Not really :) It just prevents artificial OOMs from arrays of unsupported sizes. You could still try to rent an array of length Array.MaxLength - 1 and OOM.

stephentoub · 2023-06-22T12:40:18Z

....Collections.Immutable/src/System/Collections/Frozen/String/LengthBucketsFrozenDictionary.cs

 #if NET6_0_OR_GREATER
-                List<KeyValuePair<string, TValue>> list = CollectionsMarshal.GetValueRefOrAddDefault(groupedByLength, s.Length, out _) ??= new List<KeyValuePair<string, TValue>>(MaxPerLength);
+            if (arraySize >= Array.MaxLength)


Why >= rather than >?

stephentoub · 2023-06-22T12:42:02Z

....Collections.Immutable/src/System/Collections/Frozen/String/LengthBucketsFrozenDictionary.cs


 namespace System.Collections.Frozen
 {
    /// <summary>Provides a frozen dictionary implementation where strings are grouped by their lengths.</summary>
    internal sealed class LengthBucketsFrozenDictionary<TValue> : FrozenDictionary<string, TValue>
    {
-        /// <summary>Allowed ratio between buckets with values and total buckets.  Under this ratio, this implementation won't be used due to too much wasted space.</summary>
-        private const double EmptyLengthsRatio = 0.2;


I don't understand why it's ok to do away with this concept. If I have one string of length 1_000_000 and one string of length 1, won't I now end up allocating an array of 5 million elements?

If I have one string of length 1_000_000 and one string of length 1, won't I now end up allocating an array of 5 million elements?

This case is the first thing we check and I've left it untouched:

runtime/src/libraries/System.Collections.Immutable/src/System/Collections/Frozen/String/LengthBucketsFrozenDictionary.cs

Lines 43 to 49 in 29d5bfc

// If without even looking at the keys we know that some bucket will exceed the max per-bucket

// limit (pigeon hole principle), we can early-exit out without doing any further work.

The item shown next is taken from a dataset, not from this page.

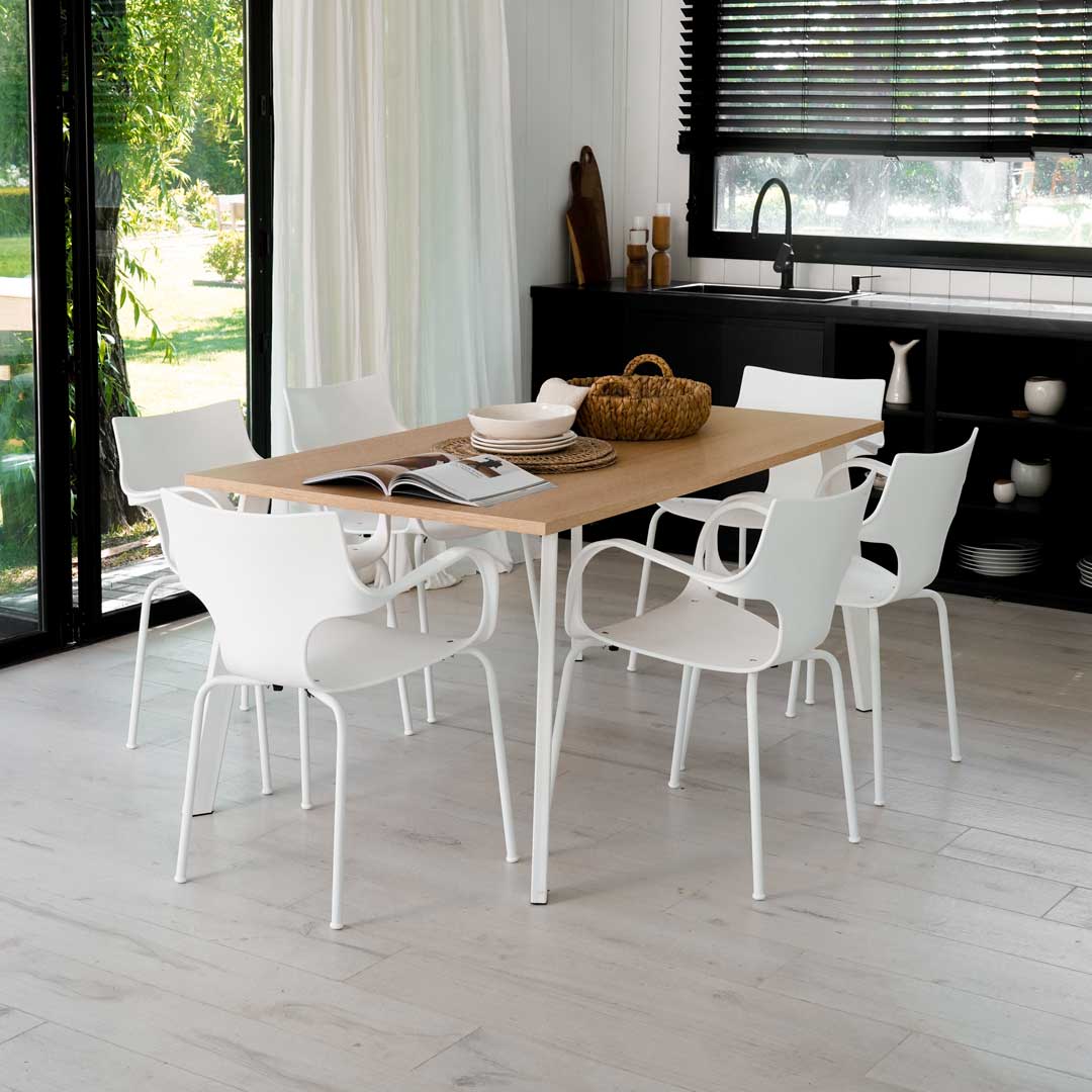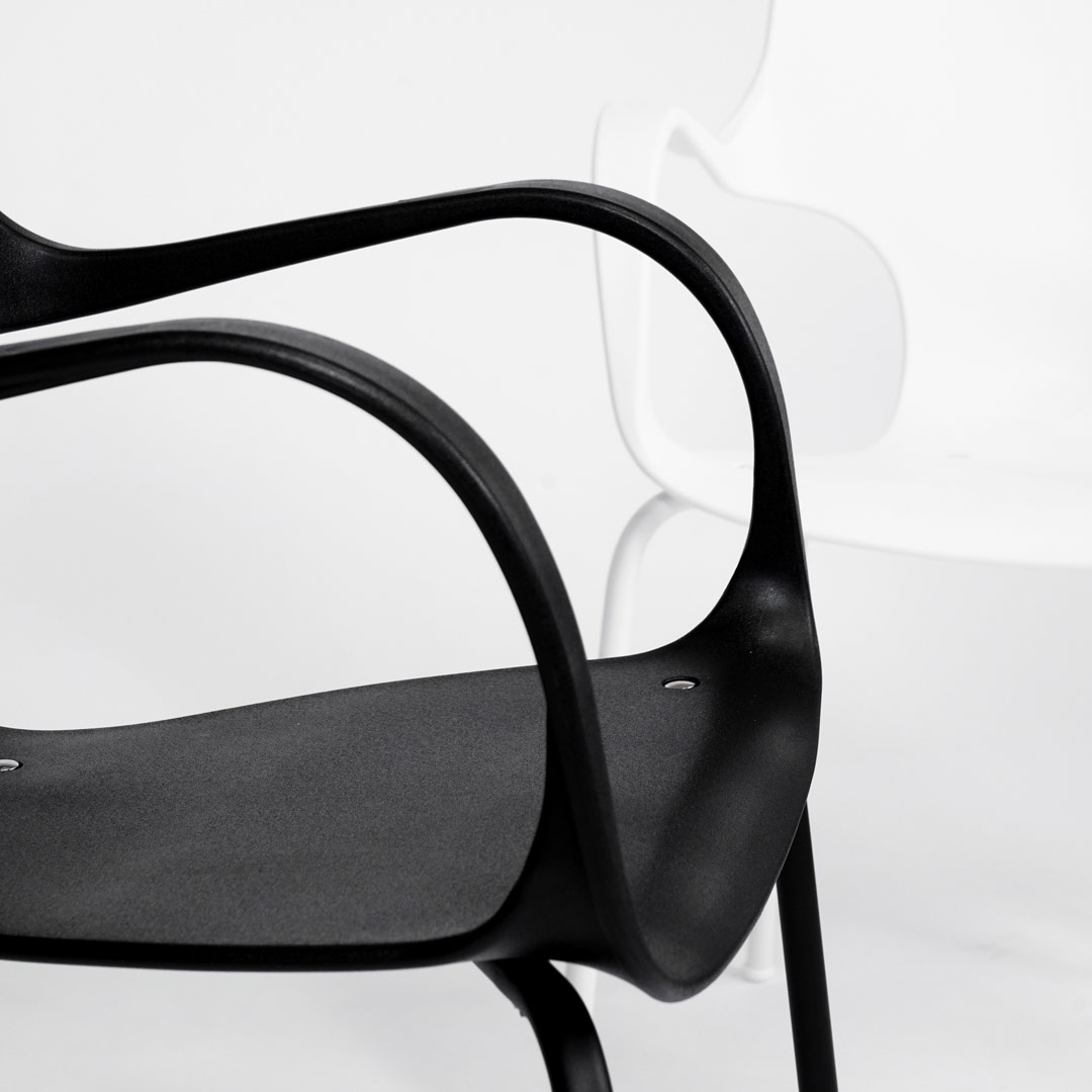 Silla fija monocasco en homopolímero con apoyabrazos integrados. Estructura con patas metálicas cromadas. Colores varios, consultar disponibilidad.

int spread = maxLength - minLength + 1;

if (keys.Length / spread > MaxPerLength)

{

return null;

}

I am going to benchmark whether it's beneficial to remove this check or not and get back to you.

This case is the first thing we check and I've left it untouched:

No, that's different. The check that's there is seeing whether it can be easily predetermined whether any bucket might have too many elements in it. In contrast, the EmptyLengthsRatio you deleted was used to determine whether the lengths were too spread out such that we'd be wasting a ton of space with holes in the array.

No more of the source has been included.